### ASSIGNED TASK
Return all lines below containing the word "city".

[RECORDS SHOWN — start]

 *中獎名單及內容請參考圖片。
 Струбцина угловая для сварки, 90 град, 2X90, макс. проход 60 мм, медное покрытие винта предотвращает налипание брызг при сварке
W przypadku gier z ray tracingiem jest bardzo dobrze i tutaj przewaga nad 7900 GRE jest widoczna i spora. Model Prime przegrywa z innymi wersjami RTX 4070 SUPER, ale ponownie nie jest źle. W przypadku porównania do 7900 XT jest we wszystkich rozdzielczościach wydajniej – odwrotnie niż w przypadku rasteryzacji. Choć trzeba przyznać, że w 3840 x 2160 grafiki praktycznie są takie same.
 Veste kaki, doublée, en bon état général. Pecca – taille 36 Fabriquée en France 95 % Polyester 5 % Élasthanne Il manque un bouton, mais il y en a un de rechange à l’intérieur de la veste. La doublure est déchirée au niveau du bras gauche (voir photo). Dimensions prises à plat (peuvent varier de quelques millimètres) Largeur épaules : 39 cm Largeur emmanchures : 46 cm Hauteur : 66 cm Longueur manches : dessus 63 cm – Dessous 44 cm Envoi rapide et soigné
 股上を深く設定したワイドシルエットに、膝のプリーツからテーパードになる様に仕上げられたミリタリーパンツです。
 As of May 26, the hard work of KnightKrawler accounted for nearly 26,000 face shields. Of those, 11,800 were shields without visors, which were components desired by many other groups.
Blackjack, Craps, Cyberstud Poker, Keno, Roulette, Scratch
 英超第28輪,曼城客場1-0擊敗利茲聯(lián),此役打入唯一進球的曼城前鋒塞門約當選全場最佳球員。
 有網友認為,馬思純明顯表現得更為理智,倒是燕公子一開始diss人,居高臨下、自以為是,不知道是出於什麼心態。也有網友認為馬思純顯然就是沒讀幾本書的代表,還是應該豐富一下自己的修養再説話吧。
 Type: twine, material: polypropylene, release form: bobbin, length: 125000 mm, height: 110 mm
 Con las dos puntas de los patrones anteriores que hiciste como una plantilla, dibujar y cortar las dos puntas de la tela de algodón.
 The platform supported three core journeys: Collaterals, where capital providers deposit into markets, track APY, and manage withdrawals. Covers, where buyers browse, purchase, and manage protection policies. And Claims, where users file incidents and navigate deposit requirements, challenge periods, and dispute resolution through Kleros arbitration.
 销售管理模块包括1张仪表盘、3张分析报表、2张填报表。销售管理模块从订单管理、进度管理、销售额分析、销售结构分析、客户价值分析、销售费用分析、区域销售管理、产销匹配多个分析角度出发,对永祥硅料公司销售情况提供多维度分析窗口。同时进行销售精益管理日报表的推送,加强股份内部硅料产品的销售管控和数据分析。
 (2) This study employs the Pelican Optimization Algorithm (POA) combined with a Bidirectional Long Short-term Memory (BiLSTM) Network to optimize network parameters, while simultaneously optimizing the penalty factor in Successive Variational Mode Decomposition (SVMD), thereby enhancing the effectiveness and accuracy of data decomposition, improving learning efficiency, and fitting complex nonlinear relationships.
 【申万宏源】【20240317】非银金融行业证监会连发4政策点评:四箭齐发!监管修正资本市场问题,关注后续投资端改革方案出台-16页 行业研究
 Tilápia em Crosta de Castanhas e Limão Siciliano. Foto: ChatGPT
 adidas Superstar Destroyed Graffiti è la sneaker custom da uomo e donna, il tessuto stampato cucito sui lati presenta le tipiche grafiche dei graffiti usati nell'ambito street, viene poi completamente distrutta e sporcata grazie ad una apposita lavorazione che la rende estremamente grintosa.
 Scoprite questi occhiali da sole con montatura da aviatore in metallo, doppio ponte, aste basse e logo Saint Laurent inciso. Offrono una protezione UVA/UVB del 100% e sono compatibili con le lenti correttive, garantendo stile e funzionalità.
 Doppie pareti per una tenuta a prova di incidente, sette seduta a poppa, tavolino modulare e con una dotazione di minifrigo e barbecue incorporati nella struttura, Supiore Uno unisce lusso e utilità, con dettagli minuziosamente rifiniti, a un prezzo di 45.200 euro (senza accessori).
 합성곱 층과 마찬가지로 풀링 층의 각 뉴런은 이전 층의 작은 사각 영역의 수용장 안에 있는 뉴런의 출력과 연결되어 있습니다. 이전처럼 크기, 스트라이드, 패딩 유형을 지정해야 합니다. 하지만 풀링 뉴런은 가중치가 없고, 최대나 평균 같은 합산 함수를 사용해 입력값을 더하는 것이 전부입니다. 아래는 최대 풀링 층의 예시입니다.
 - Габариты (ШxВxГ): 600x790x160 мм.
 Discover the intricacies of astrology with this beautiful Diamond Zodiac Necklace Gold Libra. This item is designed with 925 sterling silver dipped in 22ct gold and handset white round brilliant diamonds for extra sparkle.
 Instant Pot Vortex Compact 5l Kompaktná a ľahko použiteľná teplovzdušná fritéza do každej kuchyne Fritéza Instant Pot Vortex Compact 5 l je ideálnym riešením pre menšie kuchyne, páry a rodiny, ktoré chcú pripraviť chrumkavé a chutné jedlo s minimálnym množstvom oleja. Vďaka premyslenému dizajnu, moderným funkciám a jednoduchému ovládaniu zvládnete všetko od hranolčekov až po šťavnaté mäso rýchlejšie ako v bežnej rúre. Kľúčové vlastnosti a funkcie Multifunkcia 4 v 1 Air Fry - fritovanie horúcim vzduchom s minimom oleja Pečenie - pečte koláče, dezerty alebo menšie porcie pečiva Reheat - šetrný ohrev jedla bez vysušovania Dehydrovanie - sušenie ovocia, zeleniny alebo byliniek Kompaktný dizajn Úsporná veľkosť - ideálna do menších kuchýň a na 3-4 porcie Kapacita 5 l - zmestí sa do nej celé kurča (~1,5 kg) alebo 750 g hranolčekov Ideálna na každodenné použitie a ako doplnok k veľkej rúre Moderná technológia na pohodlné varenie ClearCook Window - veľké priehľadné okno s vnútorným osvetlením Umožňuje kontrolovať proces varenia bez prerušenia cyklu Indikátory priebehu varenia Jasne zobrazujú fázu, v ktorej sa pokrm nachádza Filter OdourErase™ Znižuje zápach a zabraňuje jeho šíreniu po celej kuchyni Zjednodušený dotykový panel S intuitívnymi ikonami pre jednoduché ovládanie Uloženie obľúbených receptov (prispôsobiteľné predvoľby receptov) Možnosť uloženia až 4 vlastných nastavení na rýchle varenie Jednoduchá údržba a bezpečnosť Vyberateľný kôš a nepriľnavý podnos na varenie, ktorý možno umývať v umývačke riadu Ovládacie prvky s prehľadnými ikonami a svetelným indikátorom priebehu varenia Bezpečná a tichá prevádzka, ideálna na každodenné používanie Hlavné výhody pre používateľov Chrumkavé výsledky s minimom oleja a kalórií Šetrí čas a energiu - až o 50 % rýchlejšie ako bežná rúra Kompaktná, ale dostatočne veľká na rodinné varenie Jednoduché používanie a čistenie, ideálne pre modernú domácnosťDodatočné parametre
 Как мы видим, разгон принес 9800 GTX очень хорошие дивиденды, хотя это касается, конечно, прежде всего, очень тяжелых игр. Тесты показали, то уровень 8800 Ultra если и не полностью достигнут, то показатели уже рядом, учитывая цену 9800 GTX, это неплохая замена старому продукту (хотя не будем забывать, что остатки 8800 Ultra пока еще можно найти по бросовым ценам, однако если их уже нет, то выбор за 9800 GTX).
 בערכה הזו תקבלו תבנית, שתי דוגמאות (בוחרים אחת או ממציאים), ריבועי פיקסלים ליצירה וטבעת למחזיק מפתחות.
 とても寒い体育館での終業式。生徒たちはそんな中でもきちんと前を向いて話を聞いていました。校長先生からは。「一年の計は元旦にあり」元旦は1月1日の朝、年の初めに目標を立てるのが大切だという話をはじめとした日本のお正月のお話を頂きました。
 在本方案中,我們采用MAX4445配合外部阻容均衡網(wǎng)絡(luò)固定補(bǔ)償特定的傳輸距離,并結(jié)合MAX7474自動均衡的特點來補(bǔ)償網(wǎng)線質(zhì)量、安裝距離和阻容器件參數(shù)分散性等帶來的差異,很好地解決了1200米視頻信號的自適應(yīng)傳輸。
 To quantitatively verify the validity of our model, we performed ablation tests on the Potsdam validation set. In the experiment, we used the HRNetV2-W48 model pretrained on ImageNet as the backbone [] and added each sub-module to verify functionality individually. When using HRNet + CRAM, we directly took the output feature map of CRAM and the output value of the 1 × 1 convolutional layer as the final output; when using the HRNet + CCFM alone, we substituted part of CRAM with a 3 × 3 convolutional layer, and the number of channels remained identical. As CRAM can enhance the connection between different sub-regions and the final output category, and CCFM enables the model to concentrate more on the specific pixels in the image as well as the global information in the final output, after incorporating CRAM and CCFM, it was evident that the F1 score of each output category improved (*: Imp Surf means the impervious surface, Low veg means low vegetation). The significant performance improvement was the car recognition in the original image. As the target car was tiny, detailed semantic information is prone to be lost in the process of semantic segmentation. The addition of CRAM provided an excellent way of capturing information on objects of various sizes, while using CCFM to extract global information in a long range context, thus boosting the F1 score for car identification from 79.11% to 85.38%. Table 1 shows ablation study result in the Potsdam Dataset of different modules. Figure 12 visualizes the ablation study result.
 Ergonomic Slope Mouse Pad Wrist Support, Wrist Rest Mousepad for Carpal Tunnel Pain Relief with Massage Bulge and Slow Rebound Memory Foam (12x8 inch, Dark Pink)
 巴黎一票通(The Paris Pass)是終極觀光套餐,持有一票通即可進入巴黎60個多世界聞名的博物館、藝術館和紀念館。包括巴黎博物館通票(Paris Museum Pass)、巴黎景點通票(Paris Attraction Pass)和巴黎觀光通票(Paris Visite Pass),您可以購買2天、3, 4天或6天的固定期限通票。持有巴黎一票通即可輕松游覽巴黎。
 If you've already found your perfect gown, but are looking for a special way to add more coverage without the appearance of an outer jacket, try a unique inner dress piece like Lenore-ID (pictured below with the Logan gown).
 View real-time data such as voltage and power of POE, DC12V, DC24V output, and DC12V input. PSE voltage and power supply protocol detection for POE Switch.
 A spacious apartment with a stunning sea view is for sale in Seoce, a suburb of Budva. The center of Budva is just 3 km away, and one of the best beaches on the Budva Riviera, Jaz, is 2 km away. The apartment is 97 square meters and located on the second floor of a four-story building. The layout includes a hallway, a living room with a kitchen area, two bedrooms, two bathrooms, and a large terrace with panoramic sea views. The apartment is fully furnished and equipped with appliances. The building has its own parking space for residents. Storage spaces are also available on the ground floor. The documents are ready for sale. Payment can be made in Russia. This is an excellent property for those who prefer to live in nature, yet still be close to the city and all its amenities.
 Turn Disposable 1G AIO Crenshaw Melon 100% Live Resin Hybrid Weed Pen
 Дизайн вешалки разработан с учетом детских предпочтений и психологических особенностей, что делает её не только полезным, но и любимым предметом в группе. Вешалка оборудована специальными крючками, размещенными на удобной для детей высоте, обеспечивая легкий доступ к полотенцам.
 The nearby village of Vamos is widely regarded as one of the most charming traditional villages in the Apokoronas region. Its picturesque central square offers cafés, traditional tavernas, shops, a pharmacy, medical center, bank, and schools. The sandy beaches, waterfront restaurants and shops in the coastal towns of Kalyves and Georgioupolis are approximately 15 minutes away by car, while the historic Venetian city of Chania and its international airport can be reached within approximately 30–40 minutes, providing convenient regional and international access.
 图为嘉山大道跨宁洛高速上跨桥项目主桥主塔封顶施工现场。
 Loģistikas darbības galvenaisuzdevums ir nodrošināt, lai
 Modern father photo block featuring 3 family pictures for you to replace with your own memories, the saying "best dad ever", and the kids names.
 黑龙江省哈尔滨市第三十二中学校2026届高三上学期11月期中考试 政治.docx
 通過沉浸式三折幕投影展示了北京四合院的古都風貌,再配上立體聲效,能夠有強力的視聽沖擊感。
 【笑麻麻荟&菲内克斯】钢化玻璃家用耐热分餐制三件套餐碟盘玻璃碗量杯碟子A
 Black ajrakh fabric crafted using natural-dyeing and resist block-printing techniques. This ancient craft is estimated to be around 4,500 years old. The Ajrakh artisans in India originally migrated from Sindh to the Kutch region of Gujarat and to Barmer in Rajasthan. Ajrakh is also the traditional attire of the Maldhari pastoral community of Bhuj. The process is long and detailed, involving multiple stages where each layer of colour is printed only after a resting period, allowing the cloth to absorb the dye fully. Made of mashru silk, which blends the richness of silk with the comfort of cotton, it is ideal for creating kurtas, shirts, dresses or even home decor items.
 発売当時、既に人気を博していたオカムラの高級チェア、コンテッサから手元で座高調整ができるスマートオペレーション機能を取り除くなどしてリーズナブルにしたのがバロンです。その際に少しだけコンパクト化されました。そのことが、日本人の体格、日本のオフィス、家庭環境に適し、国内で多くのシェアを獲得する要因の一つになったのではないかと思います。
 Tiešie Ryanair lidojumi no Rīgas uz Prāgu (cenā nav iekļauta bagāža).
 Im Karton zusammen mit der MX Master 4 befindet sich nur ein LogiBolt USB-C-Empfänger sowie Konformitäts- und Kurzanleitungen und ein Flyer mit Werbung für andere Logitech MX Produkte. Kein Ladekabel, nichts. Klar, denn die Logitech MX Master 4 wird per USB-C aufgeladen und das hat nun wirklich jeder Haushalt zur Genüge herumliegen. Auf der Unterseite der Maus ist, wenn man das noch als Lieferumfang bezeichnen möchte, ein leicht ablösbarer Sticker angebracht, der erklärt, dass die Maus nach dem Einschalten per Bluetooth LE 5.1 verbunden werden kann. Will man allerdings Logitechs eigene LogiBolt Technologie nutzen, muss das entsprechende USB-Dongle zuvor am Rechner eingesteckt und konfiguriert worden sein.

[RECORDS SHOWN — finish]

### RESULT OF THE TASK
 A spacious apartment with a stunning sea view is for sale in Seoce, a suburb of Budva. The center of Budva is just 3 km away, and one of the best beaches on the Budva Riviera, Jaz, is 2 km away. The apartment is 97 square meters and located on the second floor of a four-story building. The layout includes a hallway, a living room with a kitchen area, two bedrooms, two bathrooms, and a large terrace with panoramic sea views. The apartment is fully furnished and equipped with appliances. The building has its own parking space for residents. Storage spaces are also available on the ground floor. The documents are ready for sale. Payment can be made in Russia. This is an excellent property for those who prefer to live in nature, yet still be close to the city and all its amenities.
 The nearby village of Vamos is widely regarded as one of the most charming traditional villages in the Apokoronas region. Its picturesque central square offers cafés, traditional tavernas, shops, a pharmacy, medical center, bank, and schools. The sandy beaches, waterfront restaurants and shops in the coastal towns of Kalyves and Georgioupolis are approximately 15 minutes away by car, while the historic Venetian city of Chania and its international airport can be reached within approximately 30–40 minutes, providing convenient regional and international access.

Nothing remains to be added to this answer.